"Mein Prosec und Thomas Mann"
In den 30er Jahren ist der Name eines ostböhmischen Städtchens um die Welt geflogen: Prosec. Gerade diese Stadt hat damals den Schriftstellern Thomas und Heinrich Mann das Heimatrecht erteilt, als sie sich auf der Flucht vor Hitler-Deutschland befanden. Mehr hören Sie dem folgenden Beitrag von Markéta Maurová.
"Mein Prosec und Thomas Mann" heißt ein kleines Memoirenbuch, das dieser Tage im Buchverlag Trinitas erscheint. Seine Autoren sind der 90jährige Arzt aus Prosec, Vaclav Vojtech Tosovsky, und die Editorin Marie Rut Krizkova. Doktor Tosovsky erinnert sich darin an seine Geburtstadt, die in der zweiten Hälfte der 30er Jahre den Brüdern Mann Zuflucht bot. Ohne das Domizilrecht in einer tschechoslowakischen Gemeinde hätten sie die tschechoslowakische Staatsbürgerschaft nicht erhalten können, die für sie nach der Flucht aus Deutschland die Rettung bedeutete. Warum gerade Prosec, fragte ich die Literaturhistorikerin Marie Rut Krizkova? "In Prosec lebte Bernard Kosiner, ein Mitarbeiter und der erste Theoretiker des Tschechoslowakischen Rundfunks, der Freunde in Prag hatte: Jaroslav Jezek und Professor Kozak. Diese pflegten nach Prosec zu fahren und machten sich dort mit Kosiners Schwager Rudolf Fleischmann bekannt. Sie informierten Fleischmann, dass die Brüder Mann Hilfe brauchen und verabredeten alles mit ihm. Rudolf Fleischmann war die wichtigste Person, die den Bürgermeister und den Stadtrat von Prosec überzeugte, Thomas Mann das Domizil zu erteilen."

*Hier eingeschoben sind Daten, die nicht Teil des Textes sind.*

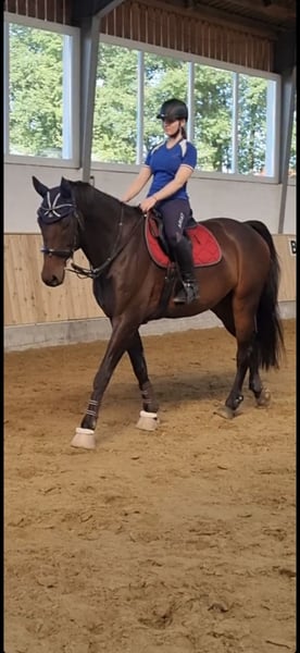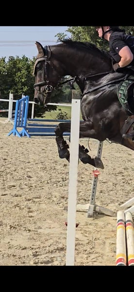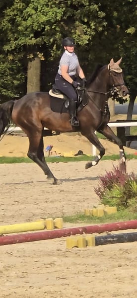 Dear gelding, due to a lack of time and my own horse breeding, is being offered to the best hands. He is familiar with trail rides, riding vacations, and drag hunting. In the field, he is cool but attentive, not flighty. Easy to handle. We have now started jumping with him. He does it great. He nicely tucks his legs away and has a fantastic pace for courses. No refusals, not spooky. I envision him with an ambitious rider who enjoys trail rides just as much as course training. A great leisure partner with potential in show jumping. Very well-mannered, gentle, but still needs loving, consistent guidance. No inquiries from complete beginners, riding schools, or vaulting. The horse has been in our possession for 5 years. Never sick, lame, or anything like that.
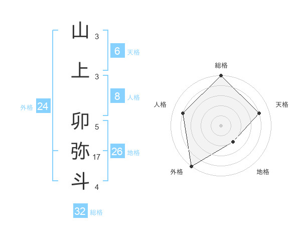 山上 卯弥斗さんの総格は32画の5点!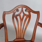A George III mahogany pierced splat back elbow chair with a gilt damask drop-in seat, height 92cm, width 57cm.

Thomas Mann hat später in Begleitung seiner Frau Katja und seines Sohns Golo Prosec persönlich besucht. Vaclav Vojtech Tosovsky erzählt, wie er, damals ein junger Medizinabsolvent, den Schriftsteller getroffen hat:
"Das war in Prosec, im Rathaus, im Januar 1937. Es bot sich die Gelegenheit, als Thomas Mann nach Prosec kam, weil er der Stadt danken wollte. Wir haben, glaube ich, 10 oder 15 Minuten gesprochen: über die Medizin, weil ich ein junger Doktor war, und über die "Budenbrooks", die mir Mann als Geschenk gegeben hat."
Thomas Mann blieb bis Juni 1944 tschechoslowakischer Staatsbürger, dann wurde er zum US-Staatsangehörigen. Sein Bruder Heinrich hat zwar Prosec nie besucht, blieb jedoch bis zu seinem Tod im Jahre 1950 dessen Bürger. Heute erinnert in Prosec eine "Straße der Brüder Mann" an die beiden Schriftsteller.